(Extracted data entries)
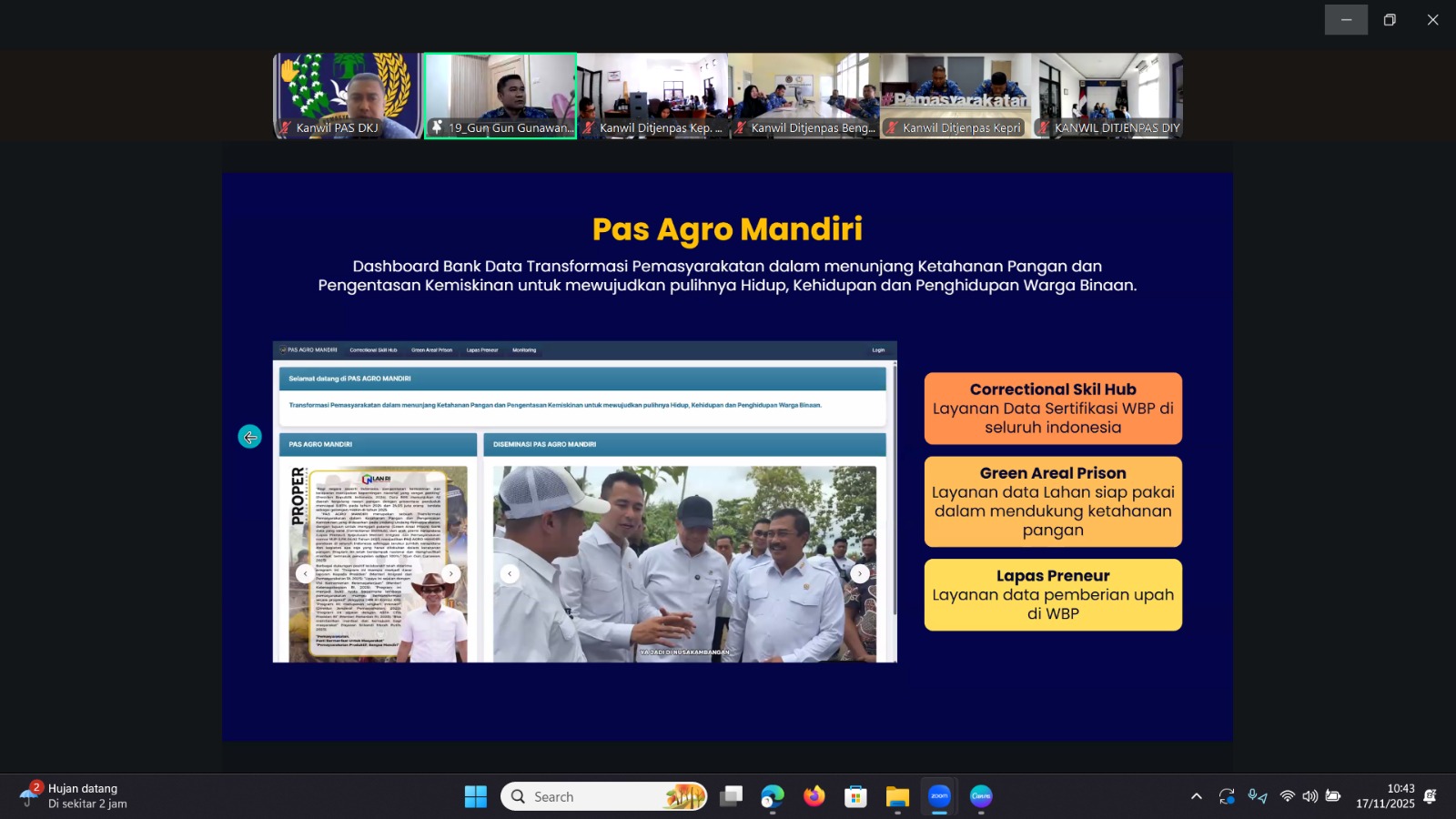 Sosialisasi Pelaporan pada Mekanisme Satu Data Pemasyarakatan digelar di Aula Lapas Kelas III Pagar Alam pada Senin, 17 November 2025. Kegiatan ini bertujuan meningkatkan pemahaman jajaran pemasyarakatan mengenai pentingnya pelaporan yang terintegrasi untuk menghasilkan data yang akurat, konsisten, dan dapat dipertanggungjawabkan.
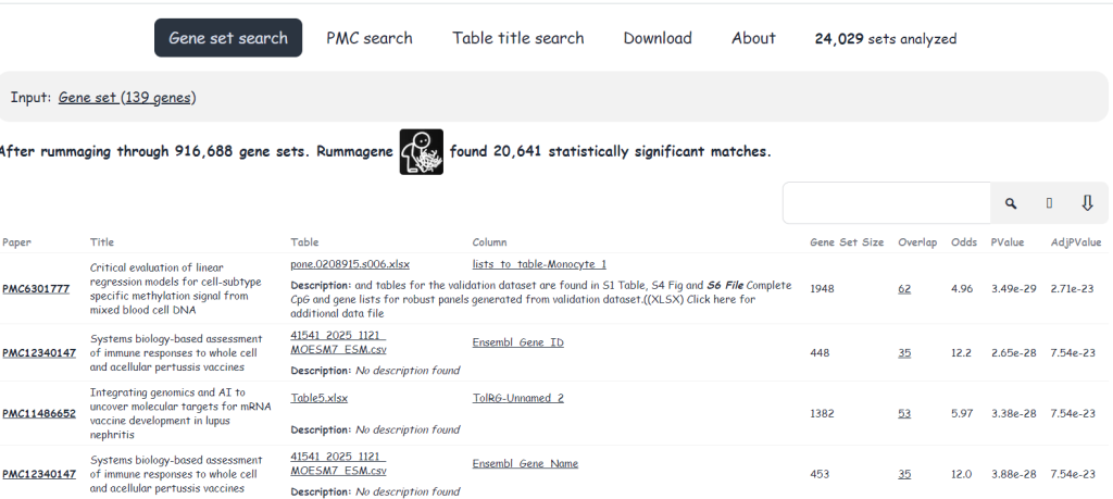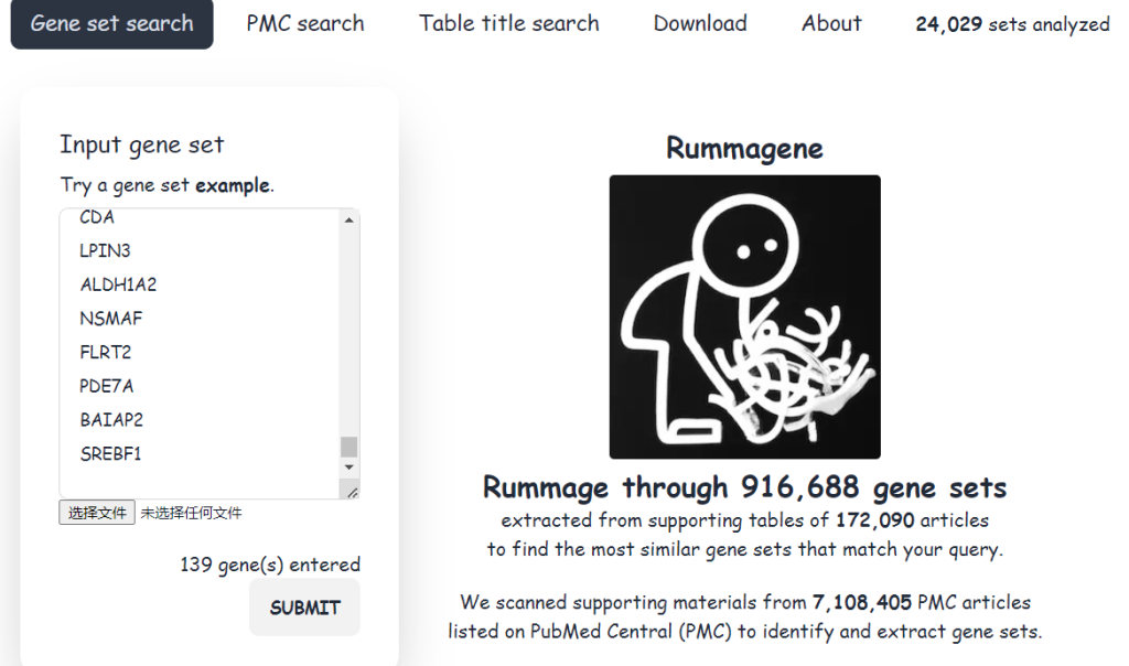 Rummagene:(https://rummagene.com/)是一个基于PubMed Central(PMC)文献的基因集挖掘与分析平台,通过自动化软bot从补充材料中提取人/鼠基因集,解决传统研究中基因数据难以检索和复用的问题。截至最新统计,平台已扫描710万篇PMC文献,识别出172,090篇含基因集的论文,累计收录916,688个基因集。核心功能包括智能检索系统(支持自由文本查询和表格标题检索,提供用户自定义基因集的相似度匹配)、多维分析工具(转录因子/激酶富集分析、单细胞RNA-seq细胞类型预测、基因功能注释推断)以及跨文献关联发现(结合基因集相似度与文本相似度,揭示生物学过程间的潜在联系)。数据更新频率为每周自动同步PMC新文献,访问方式为Web服务器,数据格式支持标准化基因列表(兼容GSEA格式导入)。
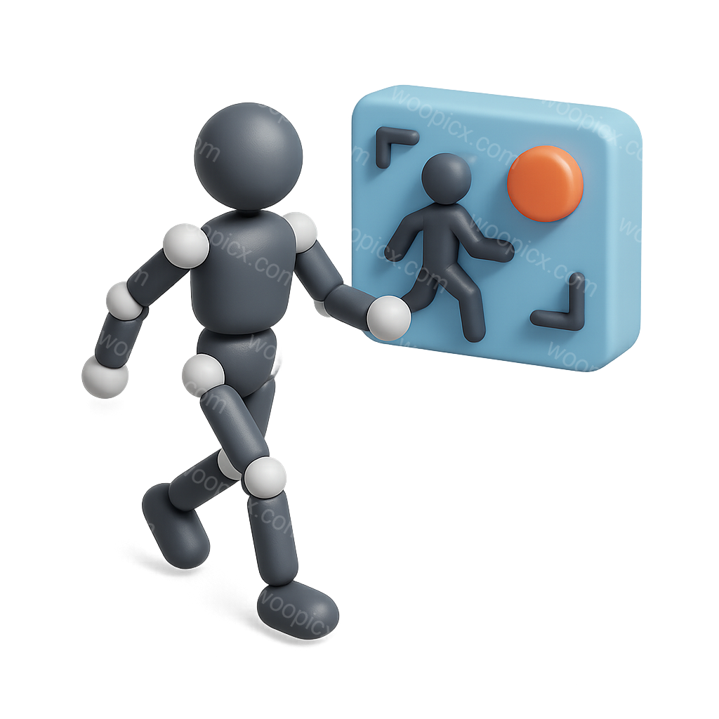 3D Motion Capture Icon Featuring Stylized Figure and Monitor
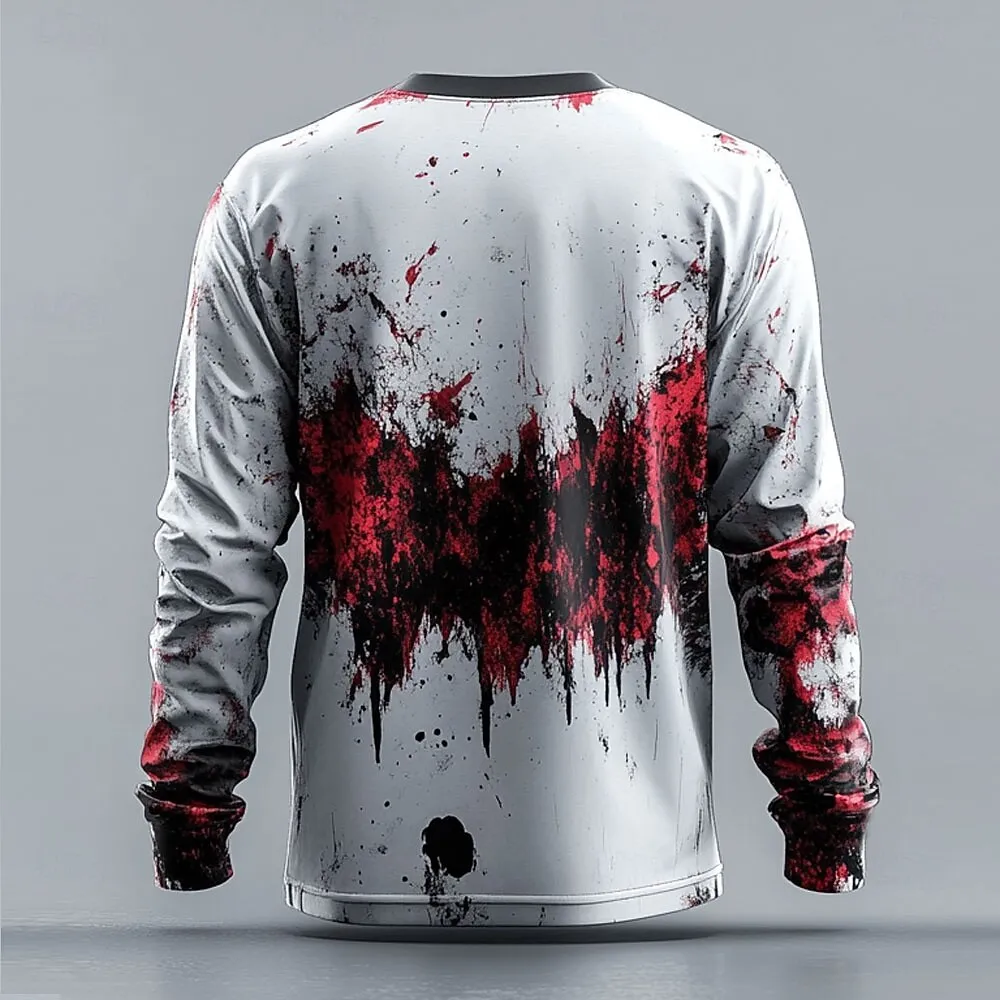 If there’s one season where fashion gets to play with the darker side of imagination, it’s Halloween—and this Halloween 3D Bloody Skull Long Sleeve Shirt is the ultimate expression of it. The shirt features a chilling skull face front and center, its wide jagged grin smeared with dripping red accents that resemble fresh blood. The hollow, blackened eyes cut through the white backdrop, while chaotic splatters of red and black spread across the sleeves and shoulders. It looks less like a simple graphic tee and more like something torn straight from a nightmare.
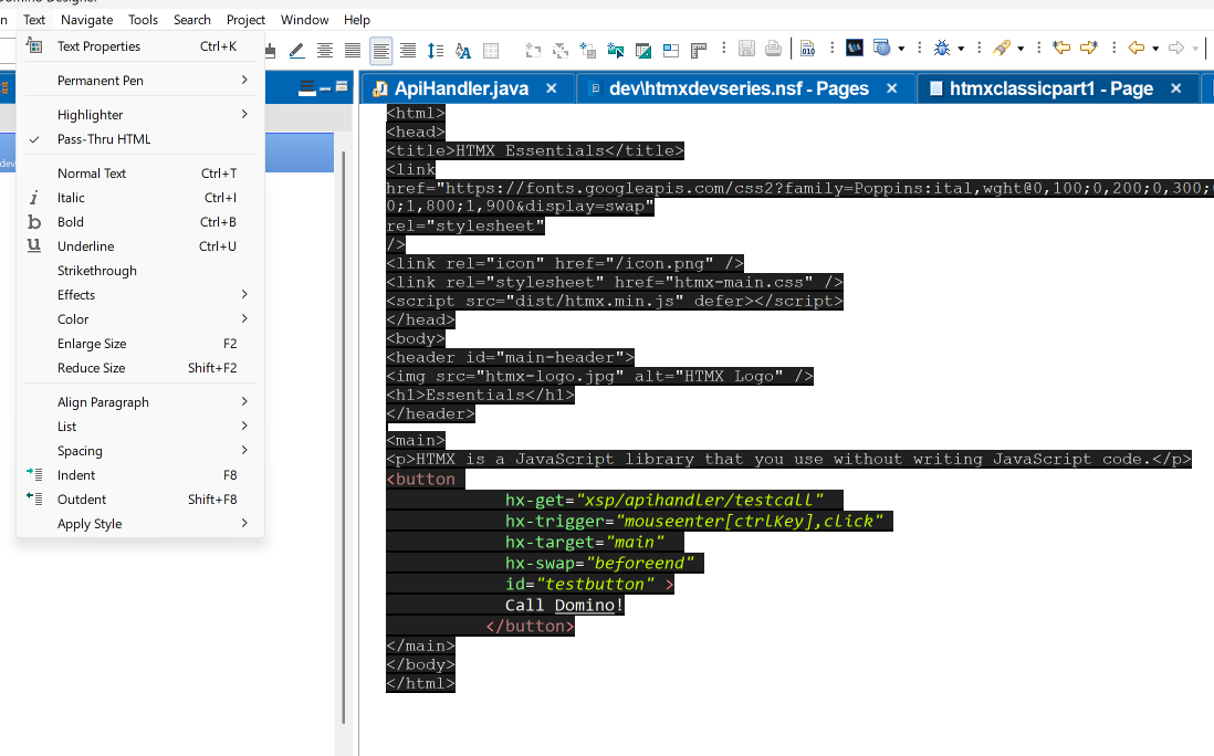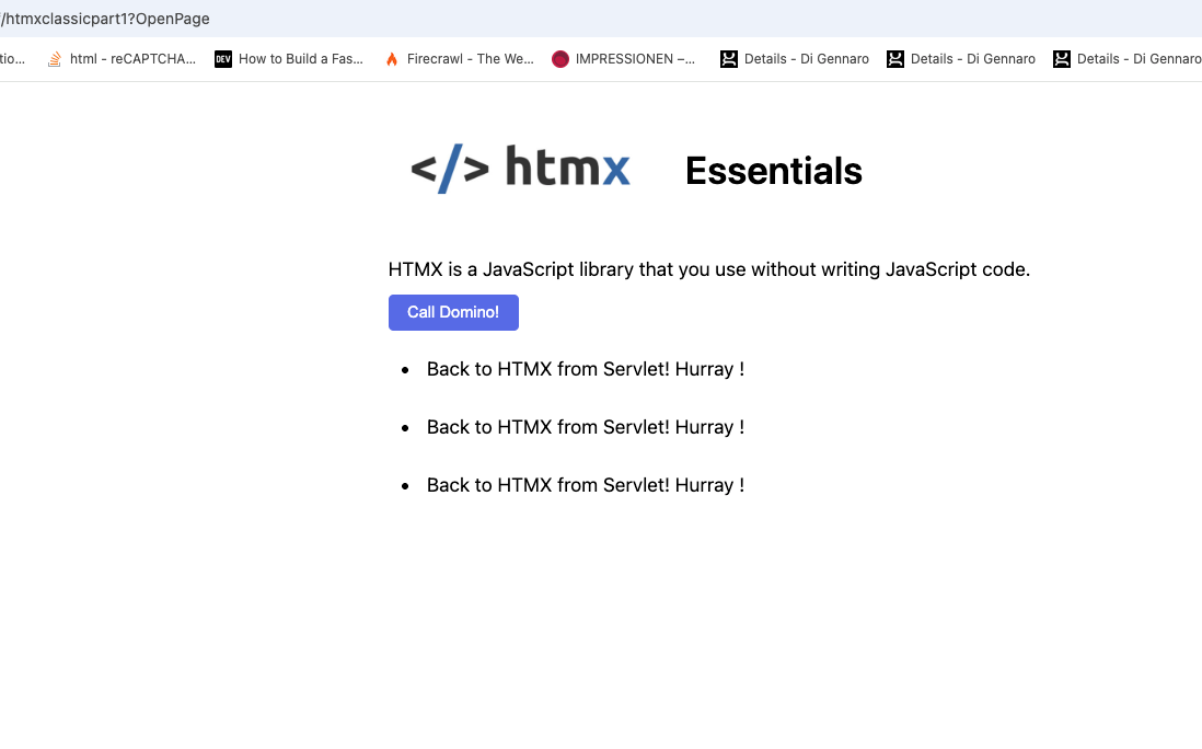 So - here we are, HTMX calls a Servlet on Domino from a classic Web Dev element and replaces parts of the HTML without a full page refresh. Nice, ey?!

▸ **EXERCISE DIRECTIONS**:
Your answer must be an exact repeat of the records above, with the pictures left out.

▸ **TASK ANSWER**:
 Sosialisasi Pelaporan pada Mekanisme Satu Data Pemasyarakatan digelar di Aula Lapas Kelas III Pagar Alam pada Senin, 17 November 2025. Kegiatan ini bertujuan meningkatkan pemahaman jajaran pemasyarakatan mengenai pentingnya pelaporan yang terintegrasi untuk menghasilkan data yang akurat, konsisten, dan dapat dipertanggungjawabkan.
 Rummagene:(https://rummagene.com/)是一个基于PubMed Central(PMC)文献的基因集挖掘与分析平台,通过自动化软bot从补充材料中提取人/鼠基因集,解决传统研究中基因数据难以检索和复用的问题。截至最新统计,平台已扫描710万篇PMC文献,识别出172,090篇含基因集的论文,累计收录916,688个基因集。核心功能包括智能检索系统(支持自由文本查询和表格标题检索,提供用户自定义基因集的相似度匹配)、多维分析工具(转录因子/激酶富集分析、单细胞RNA-seq细胞类型预测、基因功能注释推断)以及跨文献关联发现(结合基因集相似度与文本相似度,揭示生物学过程间的潜在联系)。数据更新频率为每周自动同步PMC新文献,访问方式为Web服务器,数据格式支持标准化基因列表(兼容GSEA格式导入)。
 3D Motion Capture Icon Featuring Stylized Figure and Monitor
 If there’s one season where fashion gets to play with the darker side of imagination, it’s Halloween—and this Halloween 3D Bloody Skull Long Sleeve Shirt is the ultimate expression of it. The shirt features a chilling skull face front and center, its wide jagged grin smeared with dripping red accents that resemble fresh blood. The hollow, blackened eyes cut through the white backdrop, while chaotic splatters of red and black spread across the sleeves and shoulders. It looks less like a simple graphic tee and more like something torn straight from a nightmare.
 So - here we are, HTMX calls a Servlet on Domino from a classic Web Dev element and replaces parts of the HTML without a full page refresh. Nice, ey?!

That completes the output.